The state of Alaska is a leader in the development of small hydro, both in number of projects and megawatts. Hydro is attractive in Alaska for two main reasons, says Ed Williams, operations manager for the Four Dam Pool Power Agency. First, some cities in Alaska are remote, accessible only by sea and air, and they require a local source of power. Second, the diesel-powered generators that are used are expensive sources of electricity, due to transportation costs.
Alaska Electric Light & Power Co. is building 14.4-MW Lake Dorothy; Alaska Power and Telephone Co. is building 3-MW Kasidaya Creek; and Gustavus Electric Co. is building 800-kW Falls Creek.
Development of Lake Dorothy, on Dorothy Creek, involves building a new low-level rockfill diversion dam, intake, and outlet works. Construction is being financed through $60 million in tax-exempt revenue bonds. The project is scheduled to be completed in mid-2009. Alaska Electric Light & Power will tie the project into its existing distribution system.
Construction of Kasidaya Creek (formerly known as Otter Creek) began in April 2006 and is expected to be completed by May 2008. This project will intertie with an existing submarine cable that connects the cities of Skagway and Haines. This intertie is intended to supplement other hydro projects in the area during the summer months.

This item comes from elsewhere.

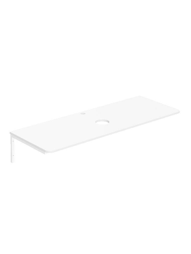 Столешница под раковину в ванную STWORKI Монтре 120 белая, МДФ, с отверстием по центру, с Г-образными белыми кронштейнами

The Falls Creek project, under construction, is expected to be complete by June 2008. Work began in April 2006 on the run-of-river facility. The project consists of a low gated diversion structure, a 9,400-foot-long penstock, a powerhouse, a tailrace conduit, and a 5-mile-long buried transmission cable between the powerhouse and the existing diesel powerhouse in the city of Gustavus.
Table 1: New Hydro at Existing Dams in the U.S.
In addition to these three, two more projects are being developed on neighboring islands in southeast Alaska. Haida Corporation is developing 5-MW Reynolds Creek. Construction is expected to begin in early 2009 and be complete by early 2011.
Ketchikan Public Utilities proposes building 4.6-MW Whitman Lake. Construction is expected to begin in 2010 and be completed by 2012.
Installing turbines on water and wastewater systems
Water conveyance systems often require the relieving of excess pressure. Pressure-reducing valves are a common solution for relieving this pressure. In some cases, a hydroelectric turbine can convert the pressure to electricity.
Generating electricity from excess head along water conveyances is not new. Several cities – including Boulder, Colorado; Wichita, Kansas; and Sitka, Alaska – operate hydro plants as part of their water distribution systems.
Variations of this concept are now being planned by the Utah Board of Water Resources and the Clean Water Coalition of Nevada.
Lake Powell Pipeline Project
The Utah Board of Water Resources is studying the feasibility of developing the Lake Powell Pipeline project. The 69-inch-diameter pipeline would transport 100,000 acre-feet of Colorado River water from an intake near Glen Canyon Dam on Lake Powell approximately 140 miles to three water conservancy districts in southwestern Utah.
While the principal purpose of the project is to supply water to fast-growing southwestern Utah, large drops in elevation along the pipeline route provide potential for hydropower, says project manager D. Larry Anderson.
Anderson says the Utah Board of Water Resources is studying development of five small run-of-pipeline hydroelectric plants varying in size from 1 MW to 3.5 MW with a total capacity of approximately 12.8 MW, a 35-MW peaking plant at Hurricane Cliffs in Utah, and a 10-MW plant at the Sand Hollow Reservoir. Also under investigation is the potential for a pumpback storage project at Hurricane Cliffs of up to 300 MW.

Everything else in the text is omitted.